ADC-Less Hybrid Analog-Digital Compute in Memory Accelerator for Deep Learning Workloads
מושגי ליבה
ADC-Less Hybrid Analog-Digital CiM accelerator enhances efficiency and energy savings in deep learning workloads.
תקציר
Analog CiM accelerators are efficient for Deep Neural Networks (DNN).
ADCs introduce power and area overhead in CiM architecture.
Extreme low-precision quantization eliminates the need for ADCs.
HCiM proposes a hybrid approach with analog CiM crossbars and digital array.
Sparsity in ternary quantization leads to energy savings.
HCiM achieves significant energy reductions compared to baseline architectures.
Introduction
Analog CiM accelerators reduce data movement between memory and processing units.

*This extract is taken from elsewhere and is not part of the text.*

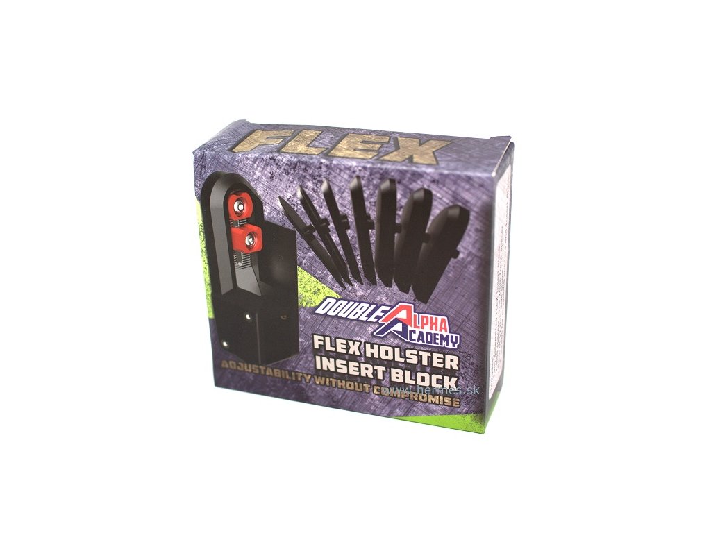 Zostava bloku vložky Flex je vybavená hliníkovým závesným blokom osadeným používateľsky nastaviteľnými zubami závesného bloku. Magnetický záber, ako pri najnovšej generácii vložiek Alpha-X. Nová bezpečná úroveň z nehrdzavejúcej ocele je širšia a plochejšia ako tá, ktorá sa nachádza v blokoch Alpha-X, a je namontovaná na pravej strane bloku, na vonkajšej strane puzdra pre všetkých strelcov RH. Vďaka tomu je prístupnejšia a ľahšie sa aktivuje.
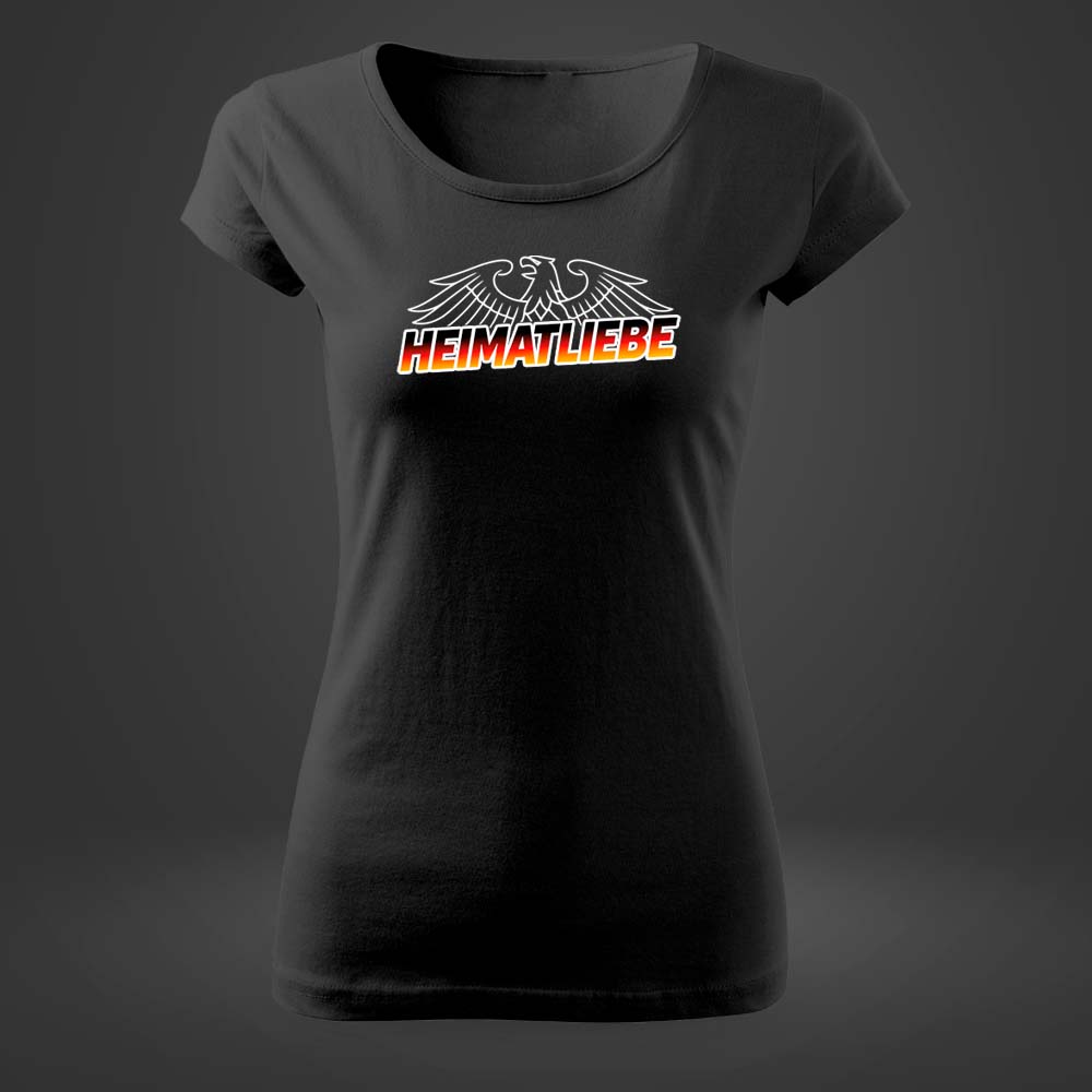 Wer ein HEIMATLIEBE Damen T-Shirt, ein schwarzes Damen Shirt oder ein Damen T-Shirt mit Adler Motiv sucht, bekommt hier ein Modell mit klarer Linie und markanter Wirkung.

Traditional hardware faces efficiency barriers like the "memory wall."
Background and Challenges
Analog CiM accelerators perform MVM operations using weight-stationary dataflow.

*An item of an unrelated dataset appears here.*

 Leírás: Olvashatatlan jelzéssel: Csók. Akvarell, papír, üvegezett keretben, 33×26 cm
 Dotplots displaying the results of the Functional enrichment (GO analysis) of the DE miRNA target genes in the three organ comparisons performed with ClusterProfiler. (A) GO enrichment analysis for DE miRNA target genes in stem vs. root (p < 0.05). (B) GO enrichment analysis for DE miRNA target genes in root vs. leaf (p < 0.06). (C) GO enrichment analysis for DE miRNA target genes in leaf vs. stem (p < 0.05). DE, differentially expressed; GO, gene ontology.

Partial-sum quantization reduces precision of partial sums and ADC requirements.
Algorithm Hardware Co-design
Quantization-aware training reduces complexity of scale factor processing.
HCiM architecture combines analog CiM crossbars with a digital array for efficient MVM operations.
Evaluation
Training ResNet models on CIFAR-10 dataset with varying precision levels.
HCiM shows lower energy consumption and latency compared to baseline architectures.
Conclusion
HCiM offers a novel approach to reduce ADC costs in analog CiM accelerators.
Sparsity control and clock gating contribute to energy savings without compromising accuracy.
התאם אישית סיכום
כתוב מחדש עם AI
צור ציטוטים
תרגם מקור
לשפה אחרת
צור מפת חשיבה
מתוכן המקור
עבור למקור
arxiv.org
HCiM
סטטיסטיקה
ADCs alone consume as much as 60% energy and occupy nearly 80% area in CiM accelerators.
HCiM achieves energy reductions up to 28× and 12× compared to analog CiM baseline architecture using 7-bit and 4-bit ADC, respectively.